NIAPU: network-informed adaptive positive-unlabeled learning for disease gene identification

TL;DR

This paper introduces NIAPU, a network-informed adaptive positive-unlabeled learning method that uses novel features and a Markov diffusion strategy to improve disease gene discovery, showing competitive results across multiple datasets.

Contribution

The paper presents a new network-based feature set and a Markov diffusion labeling strategy for positive-unlabeled learning in disease gene identification, enhancing prior methods.

Findings

Effective in identifying candidate disease genes across ten datasets.

Competitive performance against state-of-the-art algorithms.
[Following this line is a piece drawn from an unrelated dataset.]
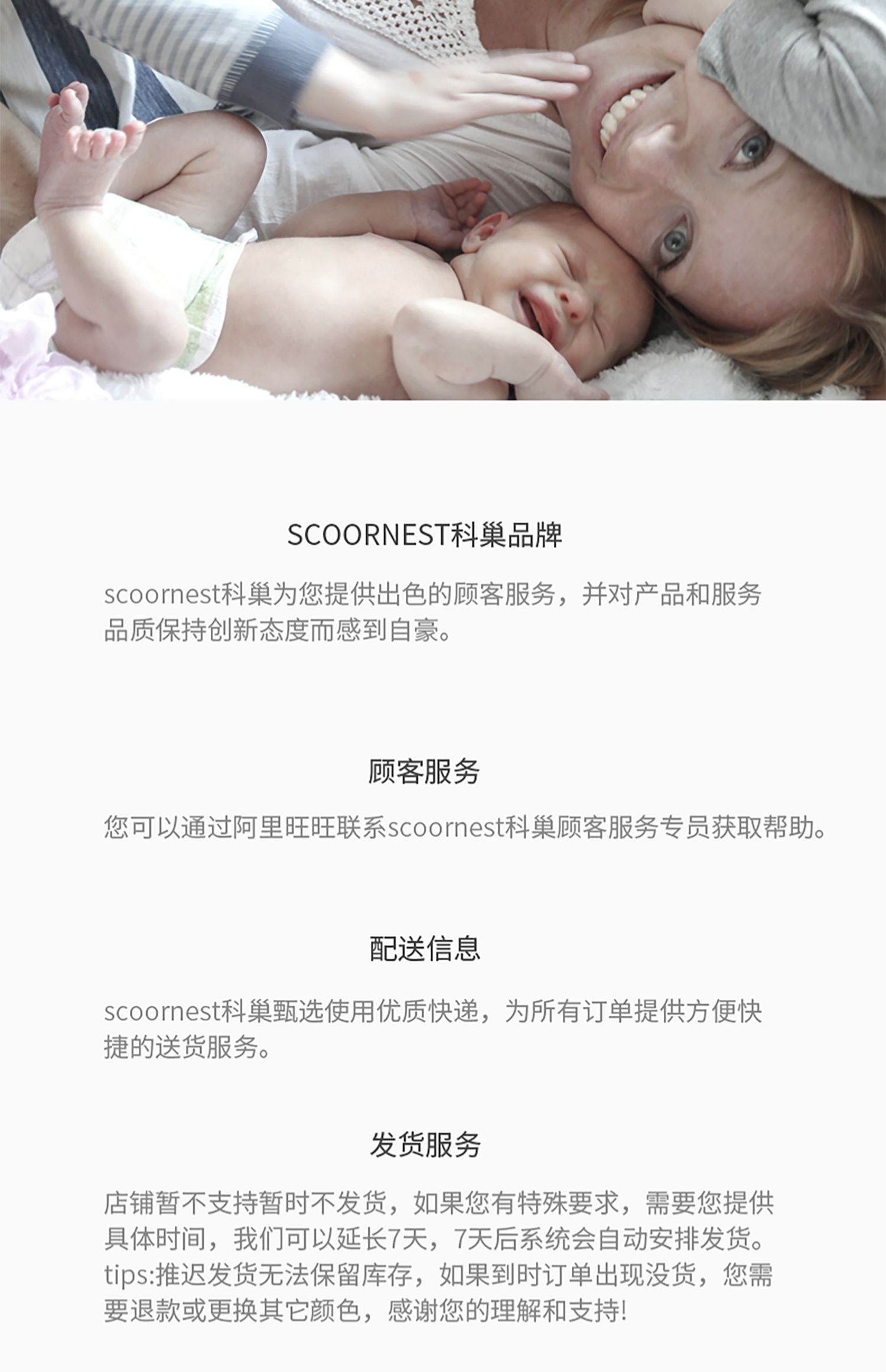 - Scoornest始终秉承给每一位宝宝送去科学的、关心的、创新的成长体验,通过提供商品和服务,使顾客形成守护、发展、巩固这种弥足珍贵的亲情的爱。

Improves upon classical topological and functional features.

Abstract

Gene-disease associations are fundamental for understanding disease etiology and developing effective interventions and treatments. Identifying genes not yet associated with a disease due to a lack of studies is a challenging task in which prioritization based on prior knowledge is an important element. The computational search for new candidate disease genes may be eased by positive-unlabeled learning, the machine learning setting in which only a subset of instances are labeled as positive while the rest of the data set is unlabeled. In this work, we propose a set of effective network-based features to be used in a novel Markov diffusion-based multi-class labeling strategy for putative disease gene discovery. The performances of the new labeling algorithm and the effectiveness of the proposed features have been tested on ten different disease data sets using three machine learning algorithms. The new features have been compared against classical topological and functional/ontological features and a set of network- and biological-derived features already used in gene discovery tasks. The predictive power of the integrated methodology in searching for new disease genes has been found to be competitive against state-of-the-art algorithms.